• _Exercise description_: Write out, word for word and with no pictures, each line below from the one containing "Một công nhân" through the one containing "under CC BY 4.0", both included, and no other line.

Exercise data START

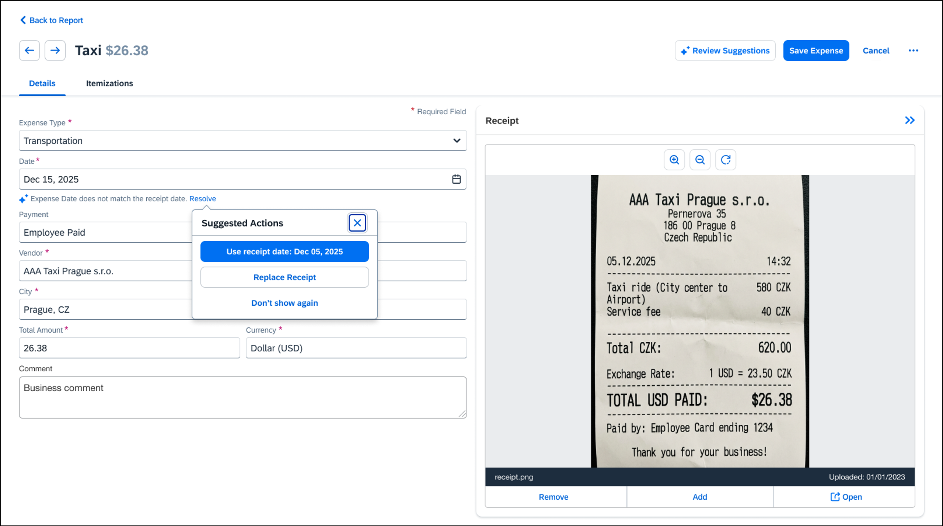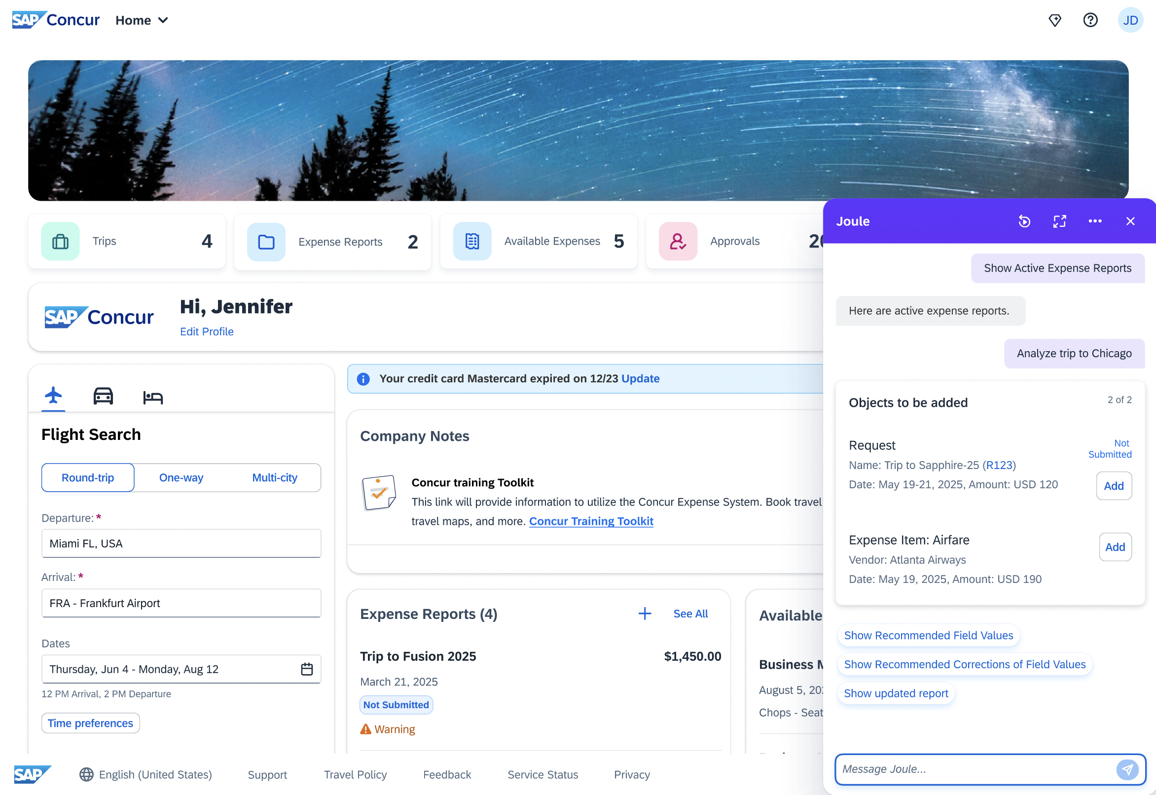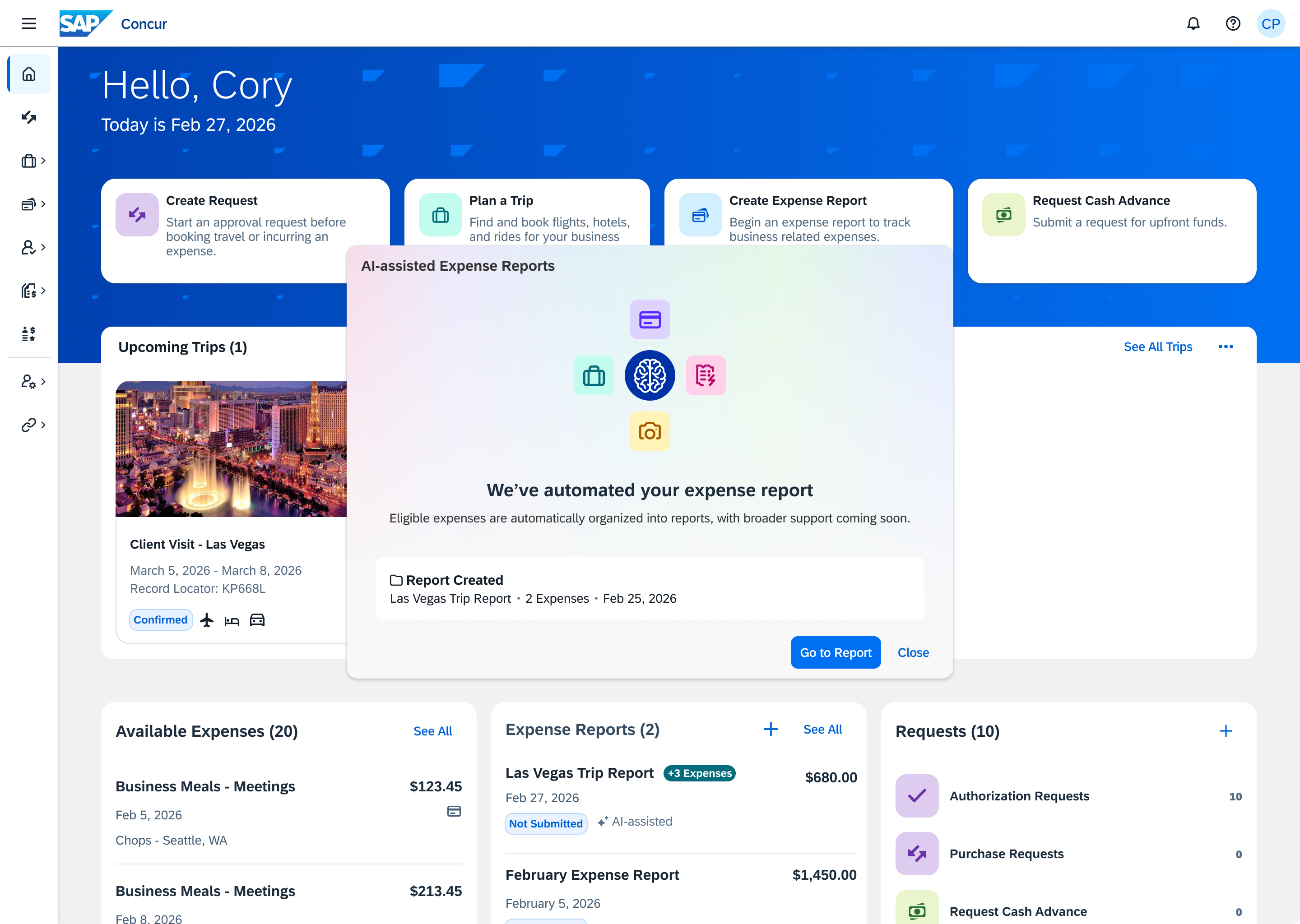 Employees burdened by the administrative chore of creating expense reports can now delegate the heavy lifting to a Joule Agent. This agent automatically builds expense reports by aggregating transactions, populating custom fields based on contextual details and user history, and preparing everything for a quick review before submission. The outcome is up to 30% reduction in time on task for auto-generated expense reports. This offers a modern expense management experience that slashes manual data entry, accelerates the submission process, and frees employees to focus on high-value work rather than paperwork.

Exercise data END
Exercise data START

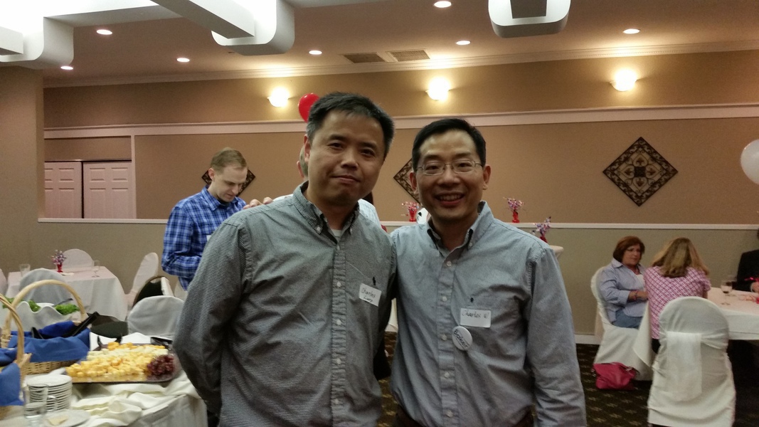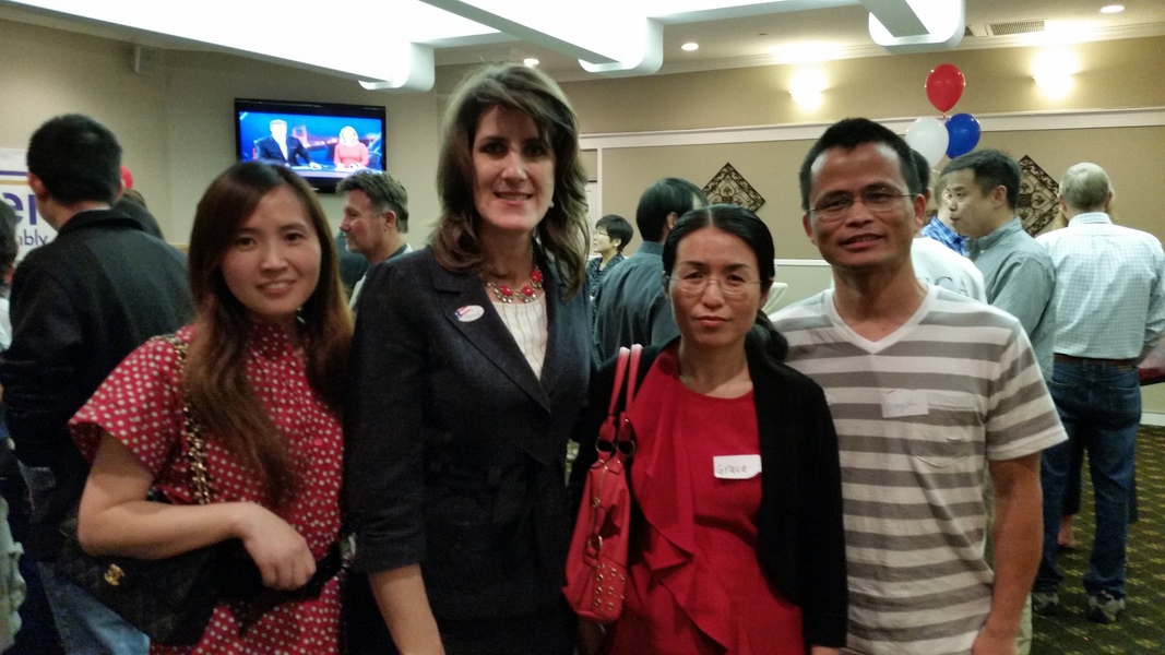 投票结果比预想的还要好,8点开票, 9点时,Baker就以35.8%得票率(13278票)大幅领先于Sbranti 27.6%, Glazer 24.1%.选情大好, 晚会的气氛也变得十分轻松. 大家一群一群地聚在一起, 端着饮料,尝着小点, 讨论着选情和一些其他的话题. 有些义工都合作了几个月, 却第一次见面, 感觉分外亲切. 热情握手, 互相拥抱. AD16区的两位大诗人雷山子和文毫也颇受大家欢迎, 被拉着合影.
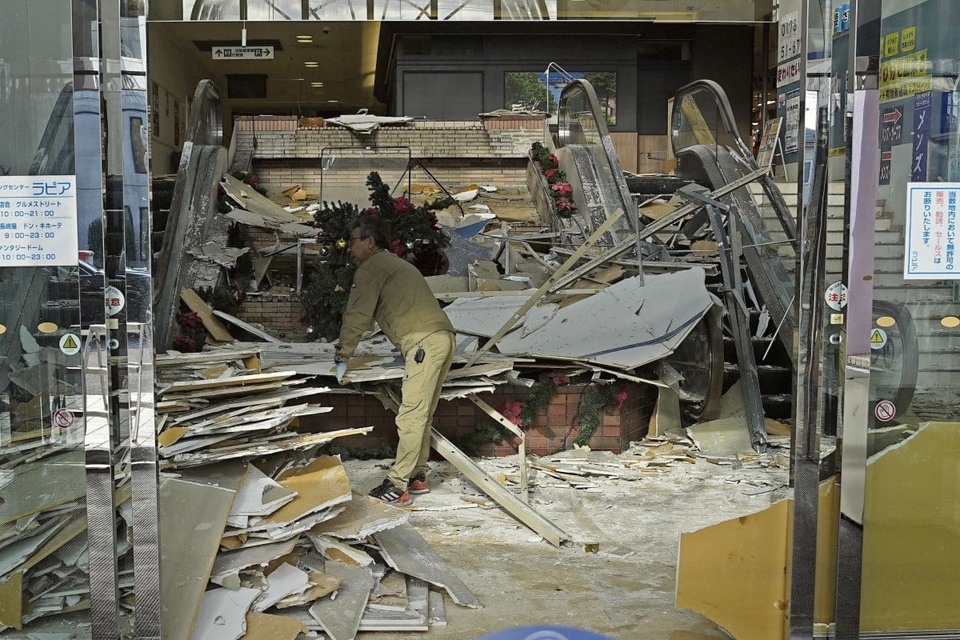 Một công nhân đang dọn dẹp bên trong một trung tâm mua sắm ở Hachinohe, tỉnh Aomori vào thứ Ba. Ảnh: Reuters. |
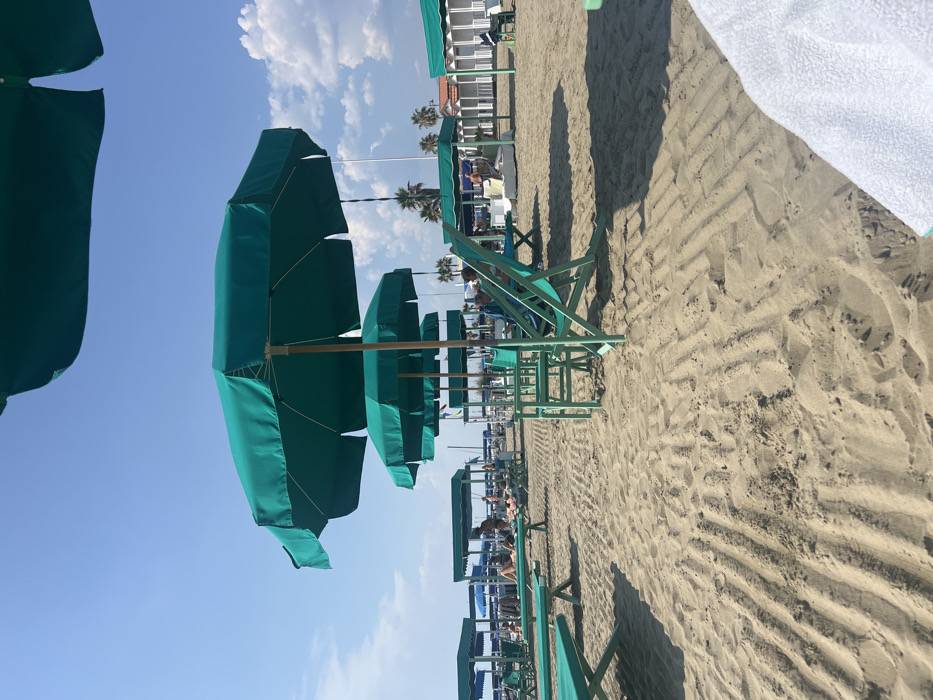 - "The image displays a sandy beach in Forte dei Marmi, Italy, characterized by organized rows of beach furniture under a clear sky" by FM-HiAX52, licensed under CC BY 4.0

Exercise data END
Exercise data START

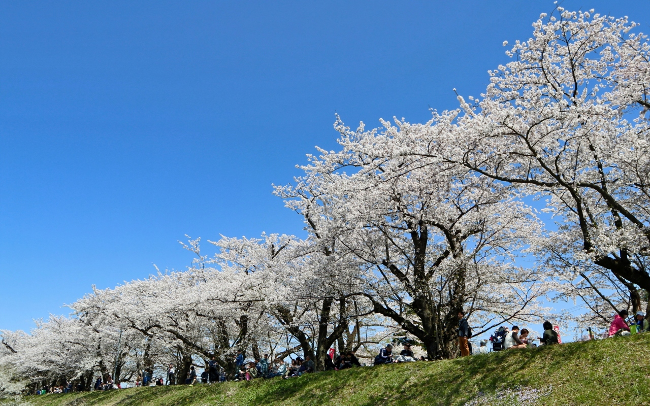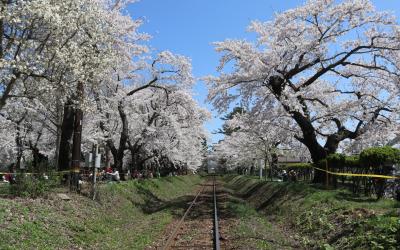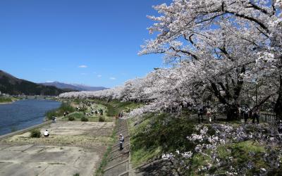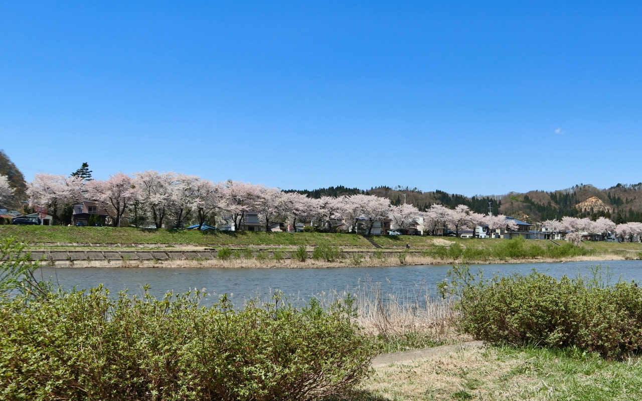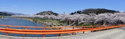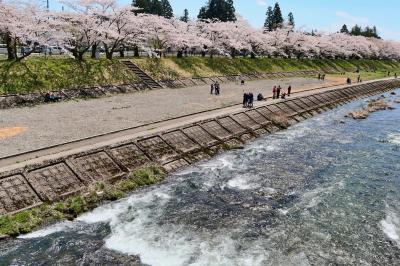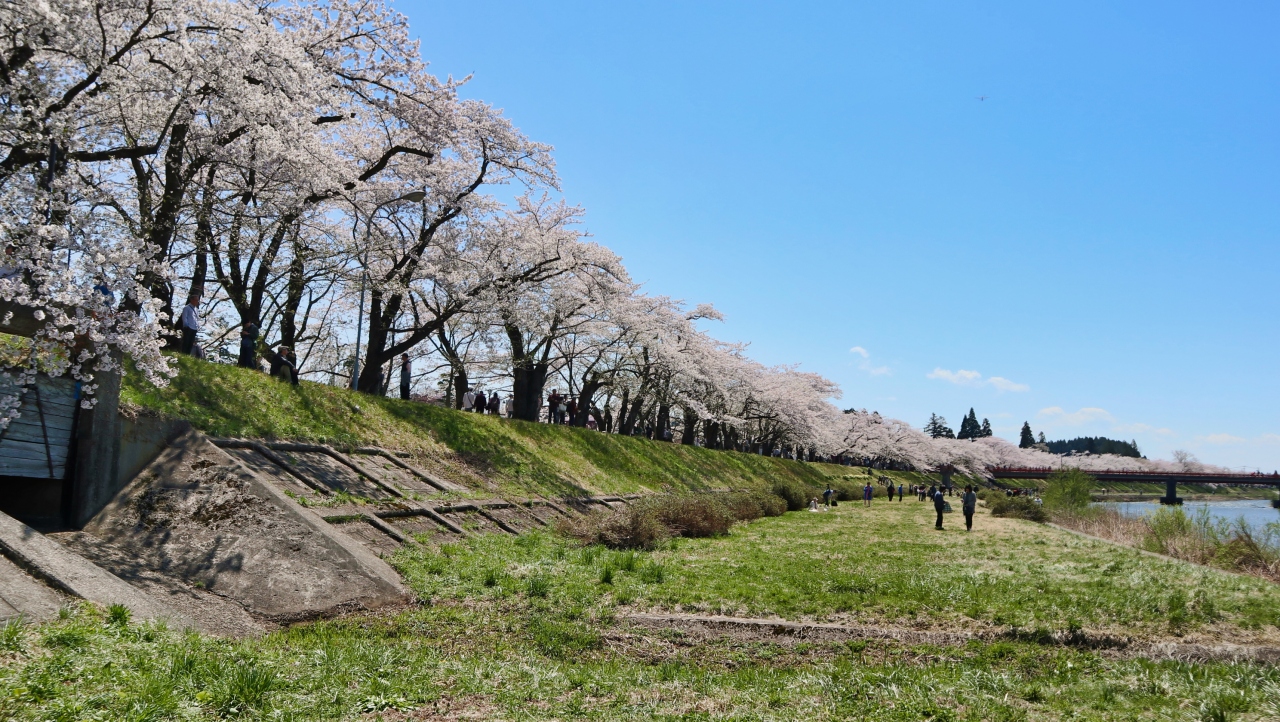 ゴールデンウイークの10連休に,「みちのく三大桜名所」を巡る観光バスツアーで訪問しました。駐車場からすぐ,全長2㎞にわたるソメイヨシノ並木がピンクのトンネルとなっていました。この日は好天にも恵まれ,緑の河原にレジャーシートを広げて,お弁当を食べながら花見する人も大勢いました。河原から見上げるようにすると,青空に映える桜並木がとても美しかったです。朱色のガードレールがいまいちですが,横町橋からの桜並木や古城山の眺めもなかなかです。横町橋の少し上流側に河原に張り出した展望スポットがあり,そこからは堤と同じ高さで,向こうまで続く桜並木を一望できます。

Exercise data END

• _Solved exercise_:
 Một công nhân đang dọn dẹp bên trong một trung tâm mua sắm ở Hachinohe, tỉnh Aomori vào thứ Ba. Ảnh: Reuters. |
 - "The image displays a sandy beach in Forte dei Marmi, Italy, characterized by organized rows of beach furniture under a clear sky" by FM-HiAX52, licensed under CC BY 4.0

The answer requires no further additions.